Lines from the one with "これにより日経平均株価は9月" up to and including the one with "具体来看, 7日长沙多云有阵" are to be copied exactly from the records below, without their pictures.

*** Block opens ***

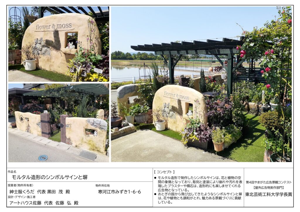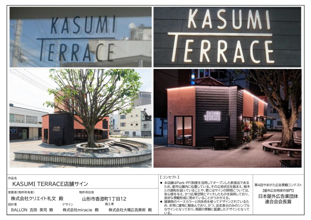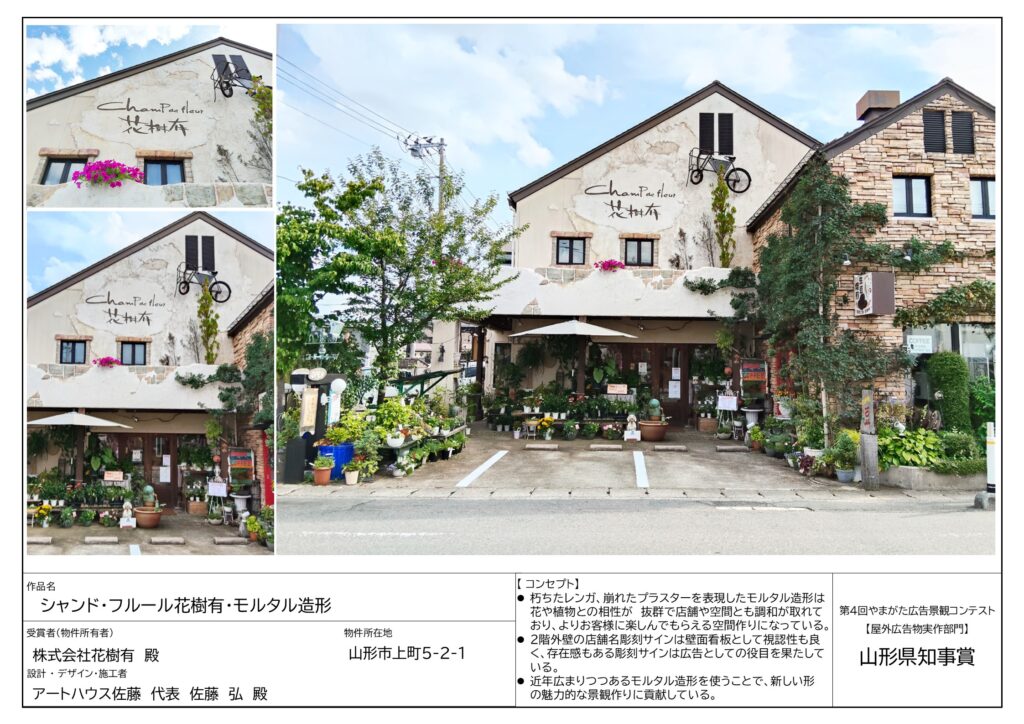 山形県内に既に設置されている看板などの屋外広告物で、魅力あるまちなみや景観を形成しているもののうち、審査員から高く評価された屋外広告物を表彰するものです。
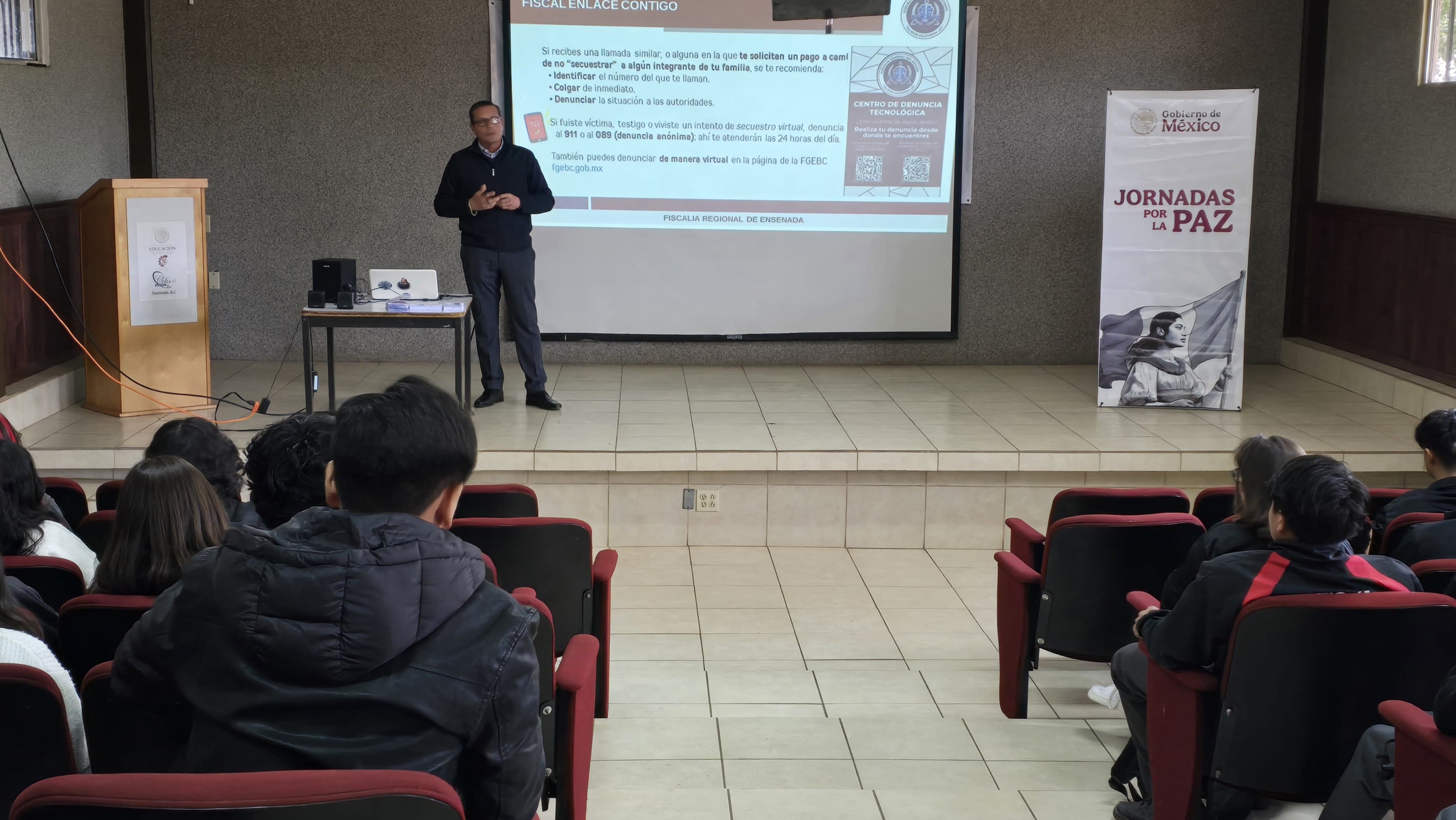 ENSENADA, BAJA CALIFORNIA. - La Fiscalía Regional de Ensenada se acercó a los estudiantes de la Preparatoria CBTIS 41 durante la Jornada por la Paz realizada el pasado 22 de enero, que reunió a diversas autoridades, quienes dialogaron de manera directa con los alumnos sobre temas de gran relevancia para nuestra comunidad.
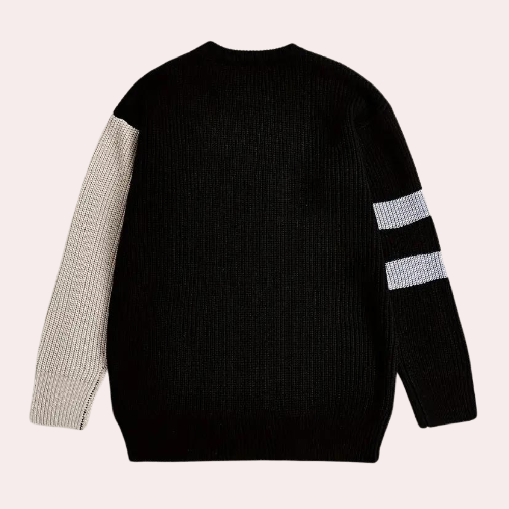 Deze moderne trui combineert zachte, verticale panelen met een uniek gestreept detail op de mouw. Het resultaat is een uitgesproken, maar toch minimalistische look. Gemaakt van een zachte en warme knit, perfect voor dagelijks gebruik in herfst en winter. De combinatie van zwart, wit, lichtgrijs en blauw zorgt voor veelzijdigheid in styling – van street tot smart casual.
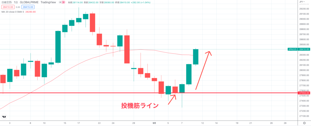 これにより日経平均株価は9月6日の投機筋ラインから一気に上昇したものと考えられます。
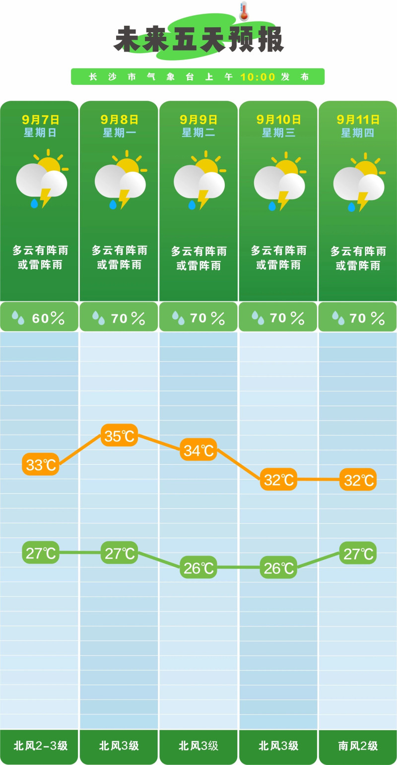 具体来看, 7日长沙多云有阵雨或雷阵雨,降水概率60%,气温27℃至33℃;8日依旧有阵雨或雷阵雨来袭,降水概率70%,气温27℃至35℃;9日,雷阵雨持续“在线”,气温26℃至34℃;10日到11日,多云有阵雨或雷阵雨,最高气温继续下降至32℃。
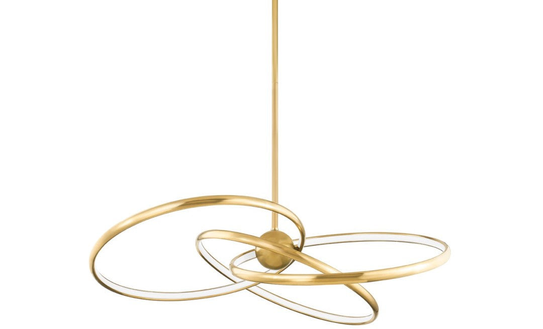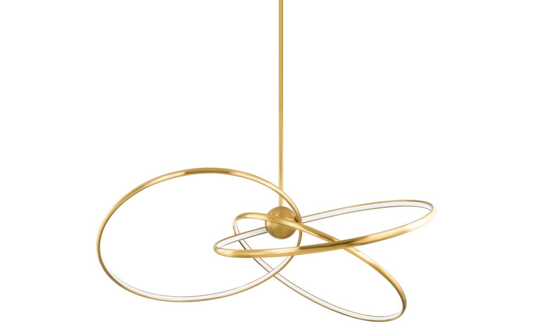Jewelry-inspired and celestial, this modern, airy design features three LED rings, with a Vintage Brass exterior and a Matte White Acrylic interior, orbiting a large center sphere. Alula's dramatic, dynamic silhouette adds both energy and a quiet peacefulness to a space.
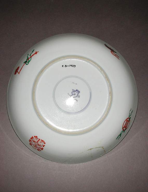 材质与色泽:瓷质细腻,胎体轻薄。盘底施白釉,釉面光洁莹润,为五彩纹饰提供了纯净的底色。五彩色彩丰富,红、绿、蓝、黄等色相互搭配,对比鲜明,历经岁月仍保留着较为鲜艳的色泽,使画面充满生机。
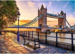 Das Puzzle zeigt ein wunderschönes Foto der Tower Bridge bei Sonnenuntergang, ideal für Fans von Architektur und Reisen.
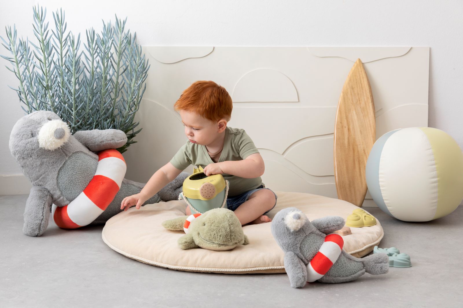 Die Robbe Senna schwimmt am liebsten im Meer oder spielt am Strand. Aber mit dieser niedlichen rot-weißen Rettungsboje um ihre Taille wird sie direkt in dein Zimmer springen, um mit dir zu kuscheln. 0+, VE 2 Stk.
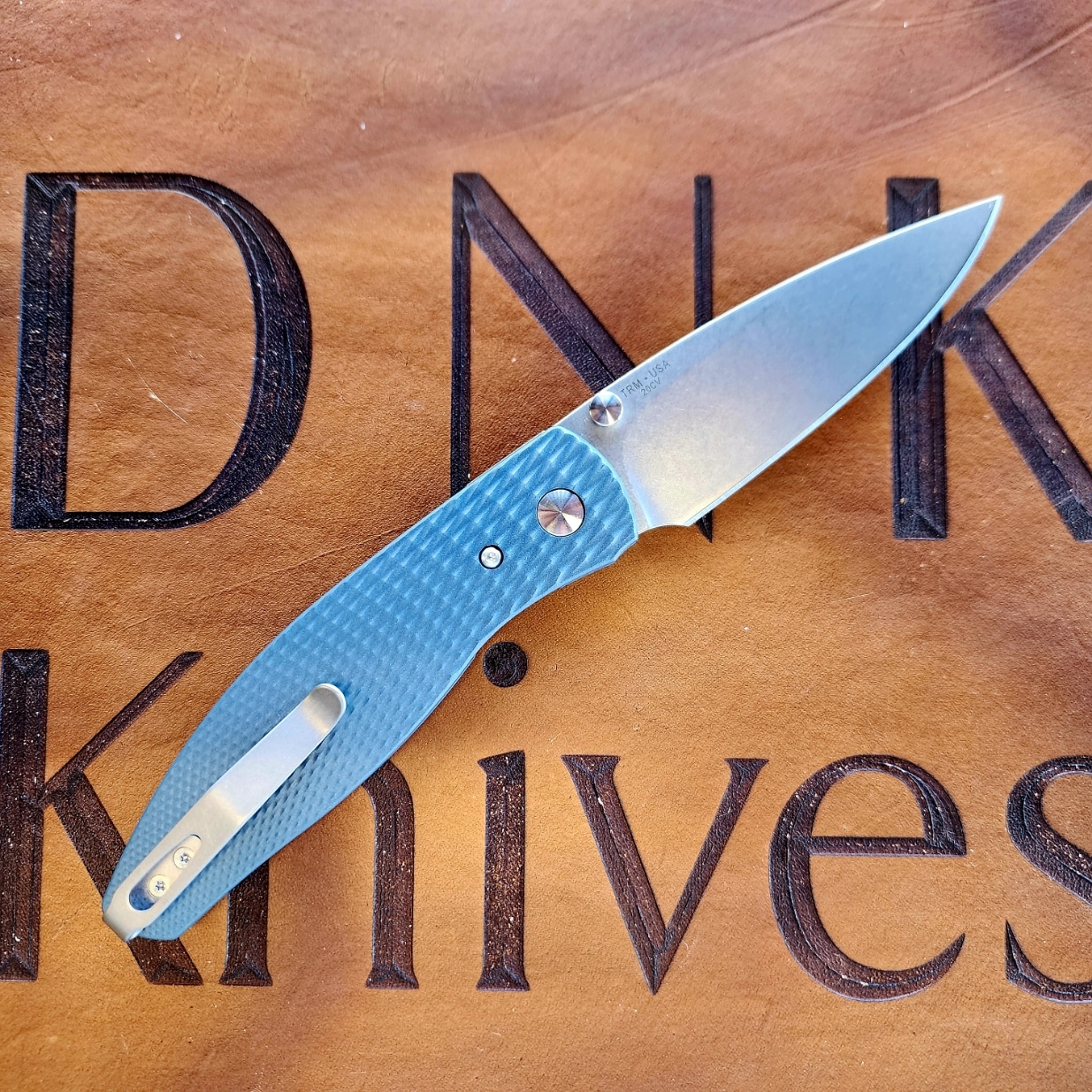 Three Rivers Mfg Atom 3D Lizard Skin Custom Blue Titanium Scales Stonewash 20CV Blade

*** Block closes ***

### TASK RESULT
 これにより日経平均株価は9月6日の投機筋ラインから一気に上昇したものと考えられます。
 具体来看, 7日长沙多云有阵雨或雷阵雨,降水概率60%,气温27℃至33℃;8日依旧有阵雨或雷阵雨来袭,降水概率70%,气温27℃至35℃;9日,雷阵雨持续“在线”,气温26℃至34℃;10日到11日,多云有阵雨或雷阵雨,最高气温继续下降至32℃。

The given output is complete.